**The problem**
Copy the data that follows exactly. Include no pictures.

(Collected data entries)
....................

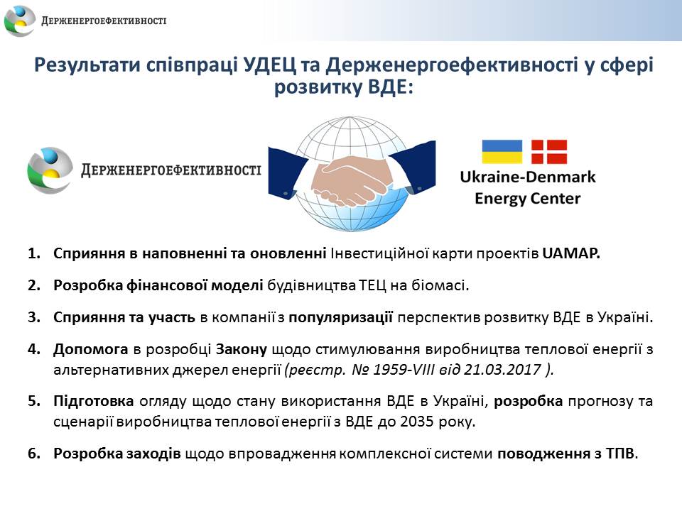 «Данські експерти розробили модель оцінки ефективності системи централізованого теплопостачання, яка стане дієвим інструментом для прийняття рішень щодо модернізації теплових мереж та оптимальним вибором типу генерації теплової енергії. Це допоможе містам заощаджувати на енергоносіях та зменшувати споживання газу», - наголосив Юрій Шафаренко, директор Департаменту відновлюваних джерел енергії Держенергоефективності (https://old.saee.gov.ua).
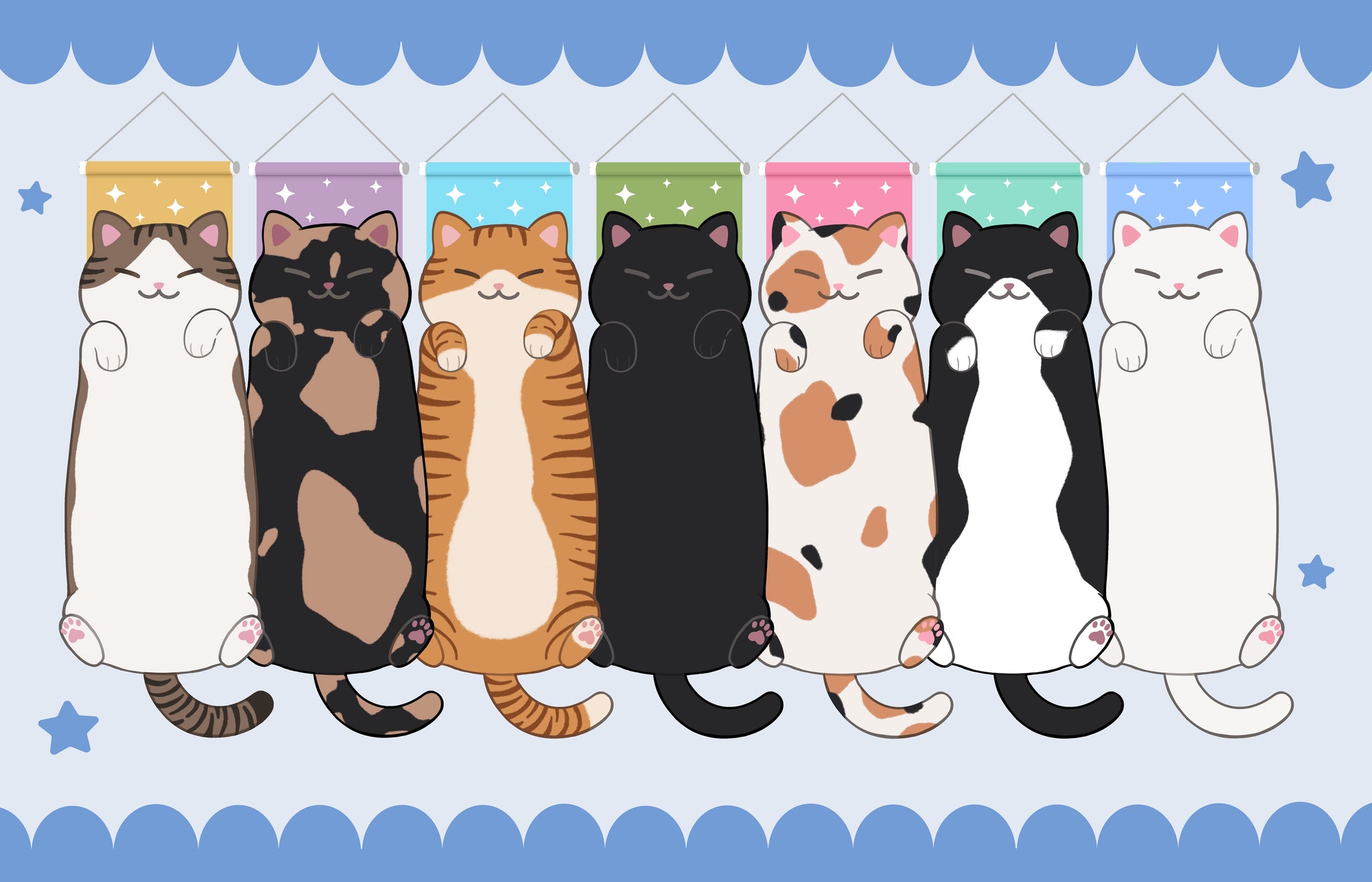 Cat Pin Banners! Featuring seven different fur variations, these cat shaped banners are 'purr-fect' to display enamel pins, or just add a touch of fun to a wall.
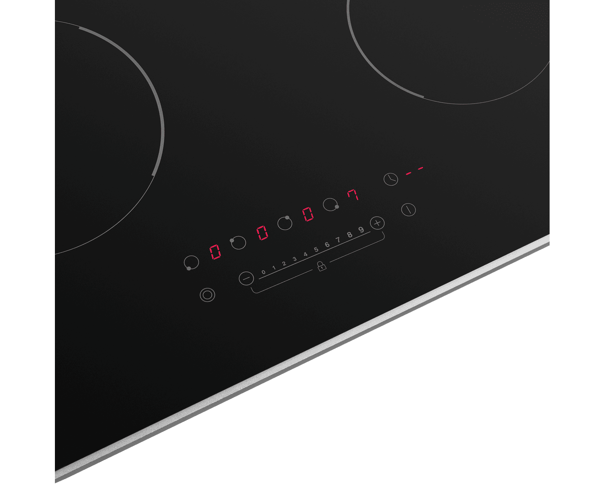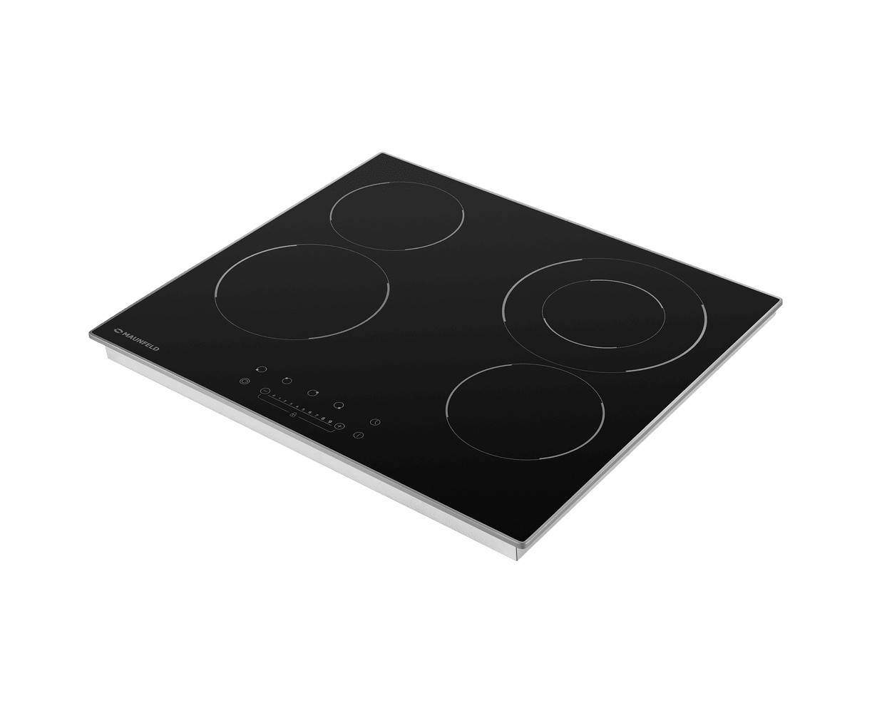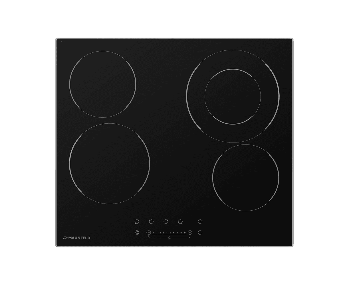 Стильная электрическая встраиваемая варочная панель на 4 конфорки шириной 60 см выполнена из ударопрочной стеклокерамики черного цвета с элегантной металлической окантовкой по периметру, которая служит для защиты от сколов на торцах и не дает жидкости, убежавшей при готовке попасть на столешницу. Поверхность устойчива к появлению царапин, легко очищается с помощью мягкой губки и моющего средства или специального скребка.
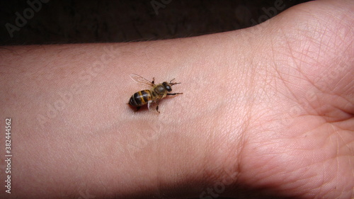 Obraz premium bee : apis mellifera treatment by honey bee sting closeup honey bee stinging a hand close up bee worker insects, insect, animal, wildlife, wild nature, forest, woods, garden beauty of pollination
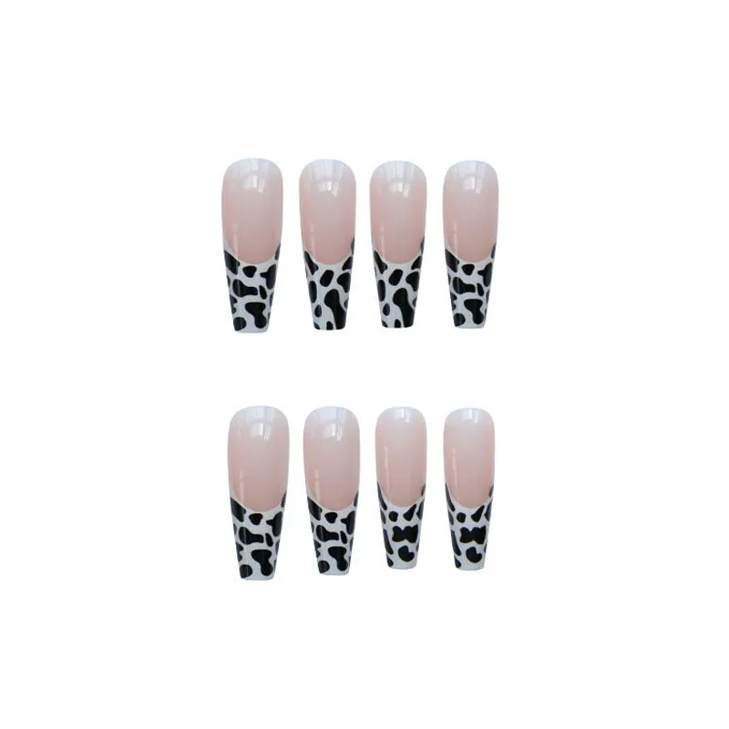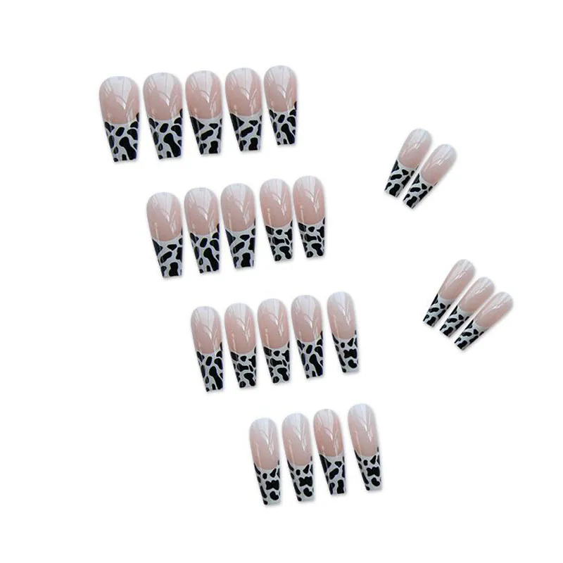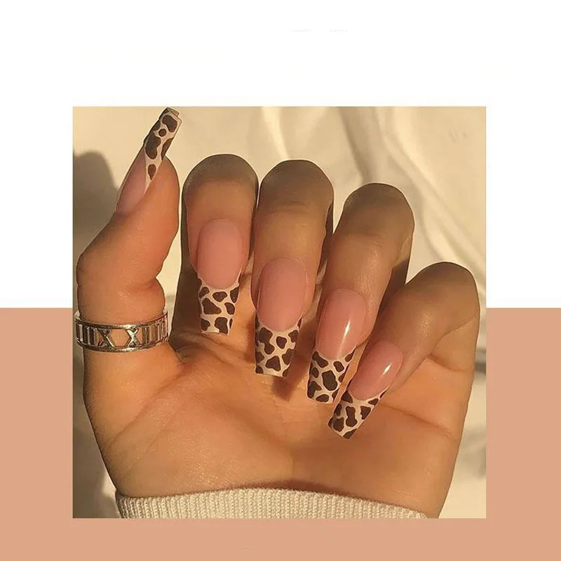 Накладные ногти черного леопарда, удлиненные, телесного цвета, накладные ногти в виде гроба, акриловые накладные ногти с клеем, 24 шт.набор

....................

**Answer section**
 «Данські експерти розробили модель оцінки ефективності системи централізованого теплопостачання, яка стане дієвим інструментом для прийняття рішень щодо модернізації теплових мереж та оптимальним вибором типу генерації теплової енергії. Це допоможе містам заощаджувати на енергоносіях та зменшувати споживання газу», - наголосив Юрій Шафаренко, директор Департаменту відновлюваних джерел енергії Держенергоефективності (https://old.saee.gov.ua).
 Cat Pin Banners! Featuring seven different fur variations, these cat shaped banners are 'purr-fect' to display enamel pins, or just add a touch of fun to a wall.
 Стильная электрическая встраиваемая варочная панель на 4 конфорки шириной 60 см выполнена из ударопрочной стеклокерамики черного цвета с элегантной металлической окантовкой по периметру, которая служит для защиты от сколов на торцах и не дает жидкости, убежавшей при готовке попасть на столешницу. Поверхность устойчива к появлению царапин, легко очищается с помощью мягкой губки и моющего средства или специального скребка.
 Obraz premium bee : apis mellifera treatment by honey bee sting closeup honey bee stinging a hand close up bee worker insects, insect, animal, wildlife, wild nature, forest, woods, garden beauty of pollination
 Накладные ногти черного леопарда, удлиненные, телесного цвета, накладные ногти в виде гроба, акриловые накладные ногти с клеем, 24 шт.набор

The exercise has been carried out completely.